> _Your assignment_
Your copy should begin with the line containing "NWT Olive Green", end with the line containing "Arctic Unique sporrans", match the listing below exactly, and contain no pictures.

> _Data_
+++

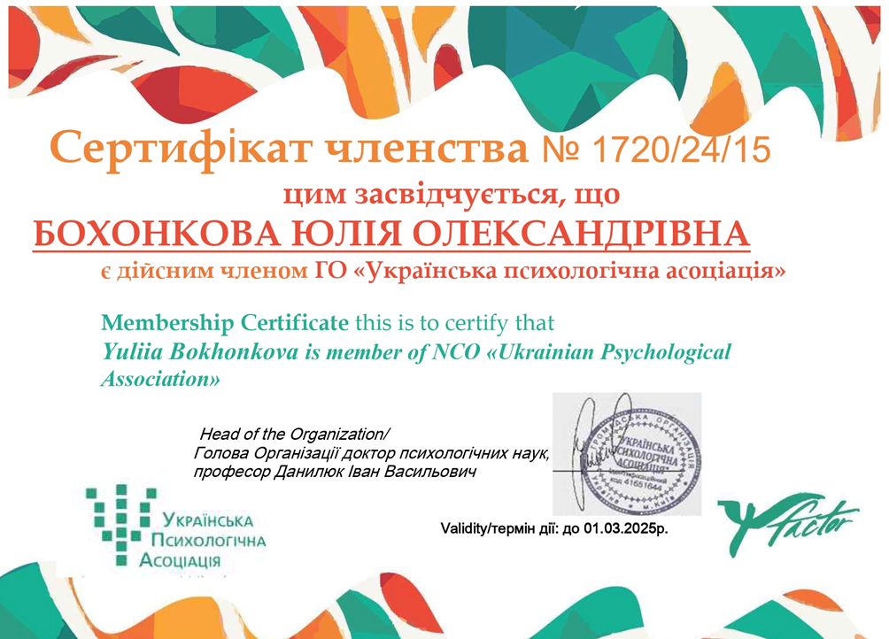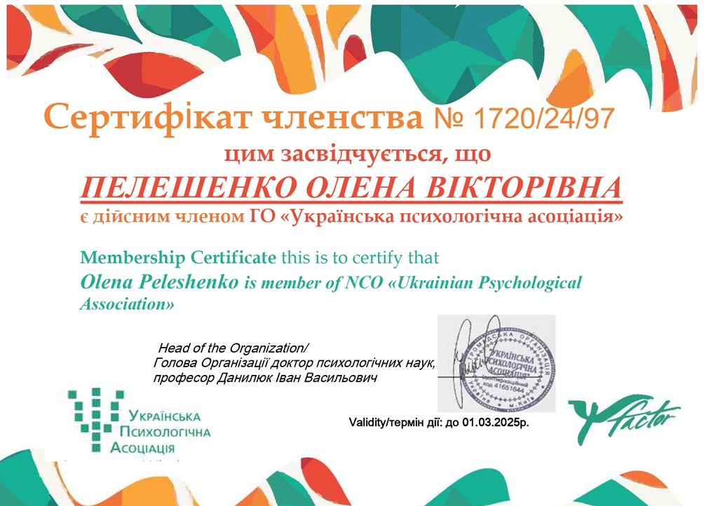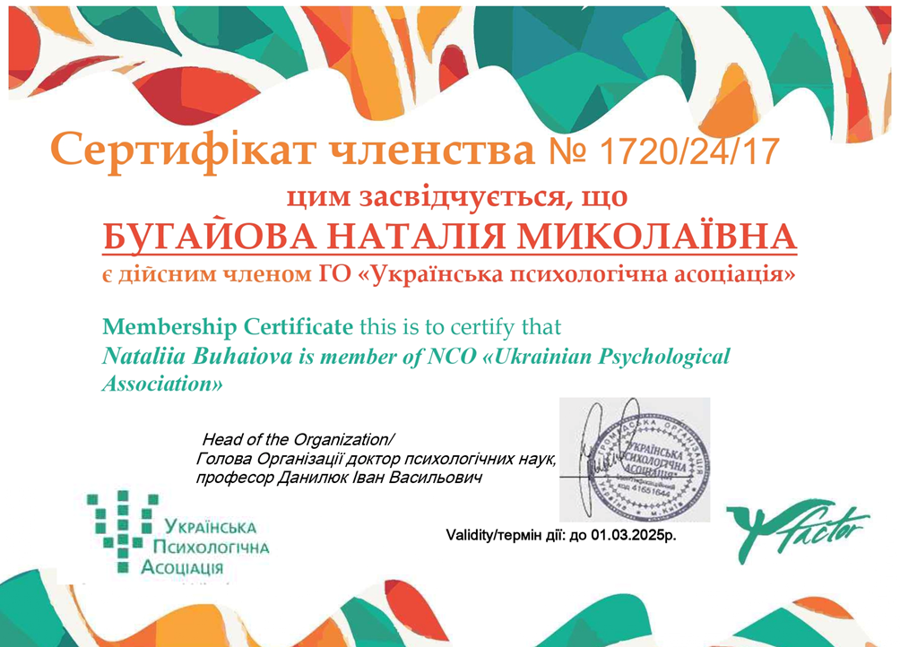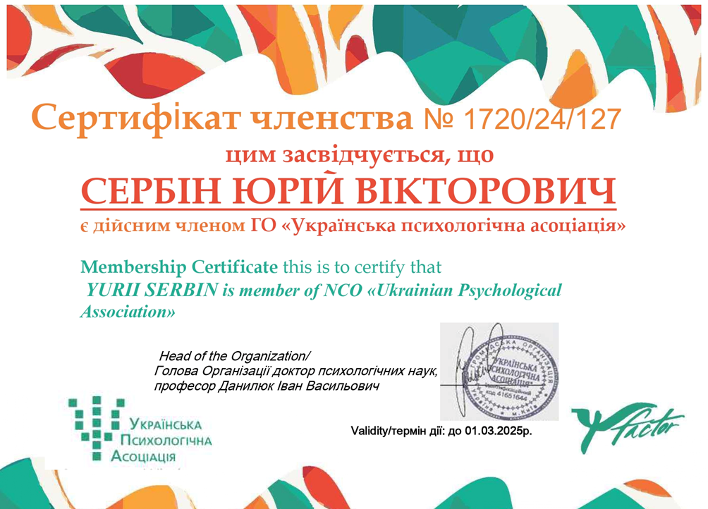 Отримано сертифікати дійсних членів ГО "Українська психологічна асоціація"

+++

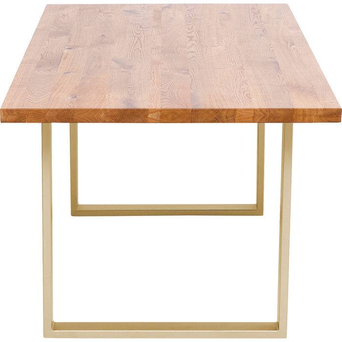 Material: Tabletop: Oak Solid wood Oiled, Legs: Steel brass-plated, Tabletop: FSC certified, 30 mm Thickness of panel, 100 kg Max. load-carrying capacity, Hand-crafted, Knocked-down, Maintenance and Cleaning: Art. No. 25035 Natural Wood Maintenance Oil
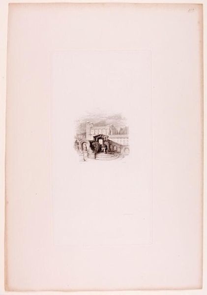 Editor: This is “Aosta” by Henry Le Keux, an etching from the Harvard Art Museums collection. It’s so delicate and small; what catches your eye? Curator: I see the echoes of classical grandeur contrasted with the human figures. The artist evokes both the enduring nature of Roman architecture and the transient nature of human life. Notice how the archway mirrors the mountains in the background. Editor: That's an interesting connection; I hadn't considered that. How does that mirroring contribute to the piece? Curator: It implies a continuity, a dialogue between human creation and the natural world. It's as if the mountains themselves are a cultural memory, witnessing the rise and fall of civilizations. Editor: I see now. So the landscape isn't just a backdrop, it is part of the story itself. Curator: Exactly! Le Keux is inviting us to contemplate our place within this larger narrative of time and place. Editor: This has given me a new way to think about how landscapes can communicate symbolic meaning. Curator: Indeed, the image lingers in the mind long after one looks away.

+++

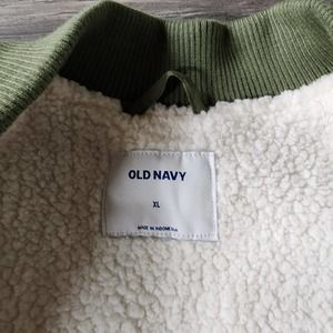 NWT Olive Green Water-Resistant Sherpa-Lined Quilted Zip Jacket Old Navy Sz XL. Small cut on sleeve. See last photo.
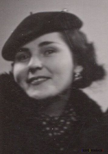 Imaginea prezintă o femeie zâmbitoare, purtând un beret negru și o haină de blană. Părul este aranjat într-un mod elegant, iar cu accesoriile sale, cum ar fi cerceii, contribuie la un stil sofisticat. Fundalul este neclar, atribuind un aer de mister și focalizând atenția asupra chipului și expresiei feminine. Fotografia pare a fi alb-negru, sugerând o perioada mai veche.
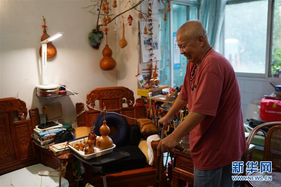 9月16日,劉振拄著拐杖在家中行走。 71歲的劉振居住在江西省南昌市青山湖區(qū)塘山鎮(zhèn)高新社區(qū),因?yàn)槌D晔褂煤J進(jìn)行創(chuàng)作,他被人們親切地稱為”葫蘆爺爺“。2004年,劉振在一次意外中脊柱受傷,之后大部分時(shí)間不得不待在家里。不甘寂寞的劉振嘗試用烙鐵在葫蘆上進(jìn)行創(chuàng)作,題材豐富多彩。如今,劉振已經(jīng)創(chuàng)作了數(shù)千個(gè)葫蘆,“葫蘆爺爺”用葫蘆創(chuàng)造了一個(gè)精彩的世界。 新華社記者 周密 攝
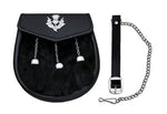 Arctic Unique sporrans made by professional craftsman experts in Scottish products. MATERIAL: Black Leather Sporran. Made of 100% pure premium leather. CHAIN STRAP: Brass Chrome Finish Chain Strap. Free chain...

+++

> _Response area_
 NWT Olive Green Water-Resistant Sherpa-Lined Quilted Zip Jacket Old Navy Sz XL. Small cut on sleeve. See last photo.
 Imaginea prezintă o femeie zâmbitoare, purtând un beret negru și o haină de blană. Părul este aranjat într-un mod elegant, iar cu accesoriile sale, cum ar fi cerceii, contribuie la un stil sofisticat. Fundalul este neclar, atribuind un aer de mister și focalizând atenția asupra chipului și expresiei feminine. Fotografia pare a fi alb-negru, sugerând o perioada mai veche.
 9月16日,劉振拄著拐杖在家中行走。 71歲的劉振居住在江西省南昌市青山湖區(qū)塘山鎮(zhèn)高新社區(qū),因?yàn)槌D晔褂煤J進(jìn)行創(chuàng)作,他被人們親切地稱為”葫蘆爺爺“。2004年,劉振在一次意外中脊柱受傷,之后大部分時(shí)間不得不待在家里。不甘寂寞的劉振嘗試用烙鐵在葫蘆上進(jìn)行創(chuàng)作,題材豐富多彩。如今,劉振已經(jīng)創(chuàng)作了數(shù)千個(gè)葫蘆,“葫蘆爺爺”用葫蘆創(chuàng)造了一個(gè)精彩的世界。 新華社記者 周密 攝
 Arctic Unique sporrans made by professional craftsman experts in Scottish products. MATERIAL: Black Leather Sporran. Made of 100% pure premium leather. CHAIN STRAP: Brass Chrome Finish Chain Strap. Free chain...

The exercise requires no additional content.